На Большой Дмитровке в том здании, где сейчас Оперно-музыкальный театр им. Немировича-Данченко и Станиславского, размещался один из интереснейших экспериментальных театров Москвы того времени, времени больших исканий.
   Это был «Семперантэ» – театр импровизации под руководством актера А. Быкова[280].
   Спектакли здесь игрались без текста, был лишь сценарий, сюжетный каркас, а диалоги актеры должны были импровизировать. Внутренняя работа актера над ролью обнажалась, актер работал, что называется, на глазах зрителя.
   Быков и его жена артистка Левшина[281] сумели увлечь своими идеями многих актеров. Этот театр существовал несколько лет, да и тогда, когда его закрыли, Быков и Левшина продолжали выступать с «Гримасами» – лучшим своим спектаклем еще несколько лет на случайных сценах. В «Семперантэ» были поставлены «Приключения мистера Веста в стране большевиков» Н. Асеева.

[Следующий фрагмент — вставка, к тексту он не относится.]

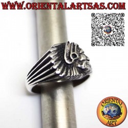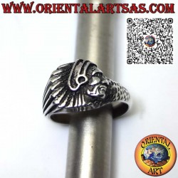 Anello in argento con testa di Indiano nativi d'America di profilo, realizzato in solido argento 925 ‰ anallergico. La superficie è parzialmente brunita per mettere in risalto la lavorazione e garantire la sua bellezza col passare degli anni. Senza nickel
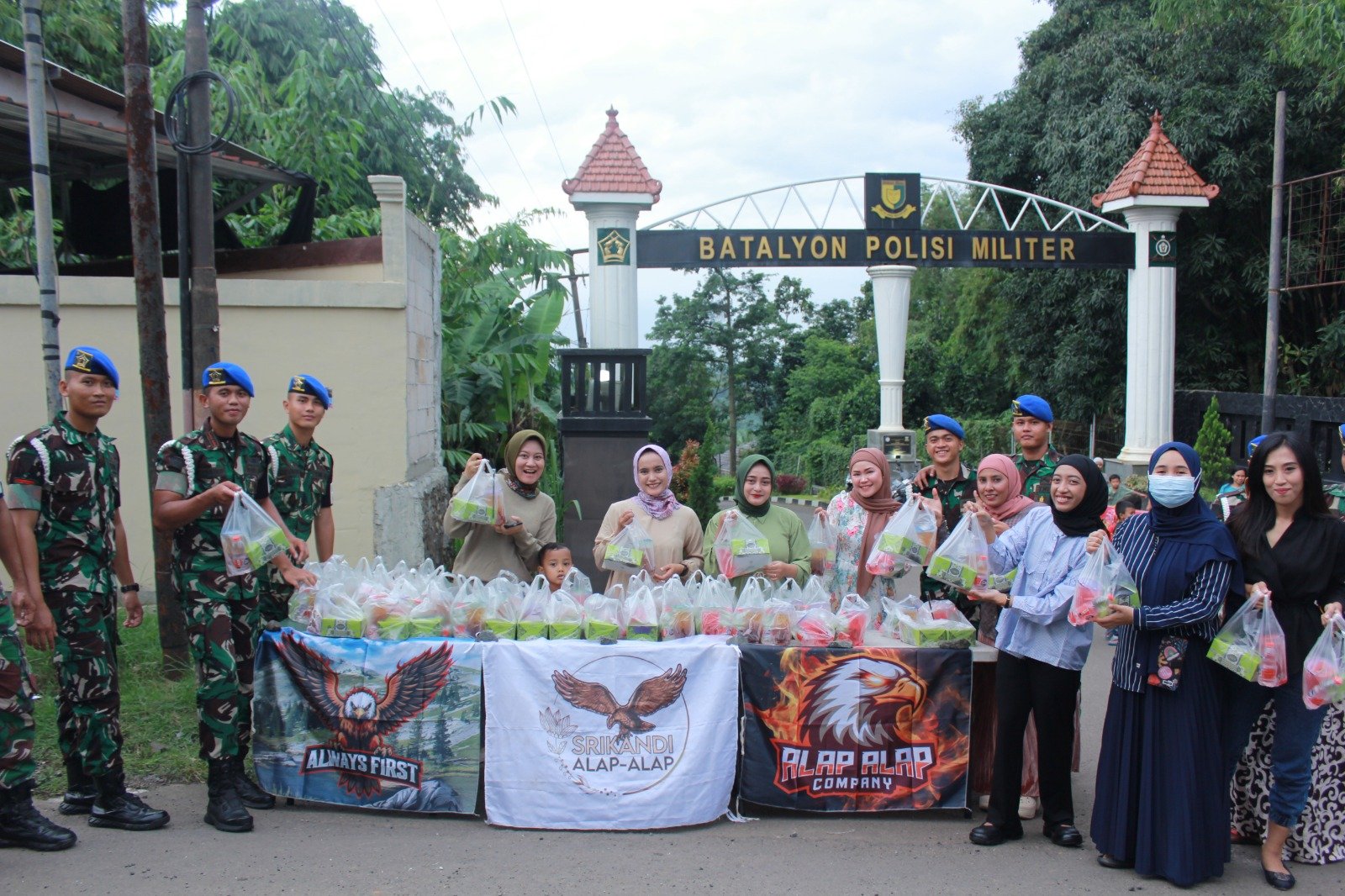 | Prajurit Batalyon Polisi Militer TNI Angkatan Darat (Yonpomad) bersama Persit melaksanakan aksi berbagi dengan membagikan takjil gratis. |

   Но все же умение и талант Быкова не нашли дороги в большое искусство.
   Театр этот оказался как-то без будущего.
   Любовь зрителей, интерес и внимание возвратились к Художественному, Малому, Вахтанговскому театрам, студиям МХАТа, Театру имени Мейерхольда.
   Московский зритель двадцатых годов помнит, конечно, успех Михаила Чехова[282]. Михаил Чехов, племянник Антона Павловича, был актером мирового значения. Каждый новый спектакль, в котором он участвовал, был театральным событием – от Хлестакова до Эрика XIV в пьесе Стриндберга. Чехов был директором II МХАТа, который помещался в театре бывш. Незлобина около Большого театра. Здесь Чехов и ряд актеров театра вместе с ним увлекались антропософией. С учением Штейнера[283] их познакомил автор «Петербурга» – в этой инсценировке Чехов играл главную роль сенатора Аблеухова – Андрей Белый. Чехов и его друзья перестроили репертуар театра, введя туда эсхиловскую «Орестею», наметив еще ряд пьес.
   Против намерений Чехова протестовала группа актеров (Образцов[284], будущий кукольник, Ключарев[285], режиссер А. Дикий[286]).
   Актеры ушли из театра, а Чехов уехал в Германию, играл там у Рейнхардта[287], потом переехал в Америку.
   В двадцатые годы у нас был поставлен кинофильм с его участием «Человек из ресторана» по повести Ивана Шмелева[288]. Фильм хорошо известен.
   В Художественном театре дороги Станиславского и Немировича-Данченко все более расходились. Они и друг с другом не разговаривали. Немирович считал себя несколько оттертым в сторону «системой». Никто в мире не говорил «Система Немировича». Как-то так выходило, что Немирович – обыкновенный режиссер около гения Станиславского. Приветствия из-за рубежа, телеграммы-вызовы – все это шло как-то само собой в адрес Станиславского, а не Немировича.
   Станиславский, в свою очередь, как-то охладел к Художественному театру, возился со своей новой студией. Выпускаемые спектакли показывали Станиславскому на дому.
   Была сделана попытка примирения двух состарившихся врагов-друзей. В конце концов, удалось уломать обоих. Встретиться они должны были в Художественном театре, в уборной Станиславского, где тот уже много лет не был. А Немирович должен был отворить дверь и войти, как бы случайно, без стука.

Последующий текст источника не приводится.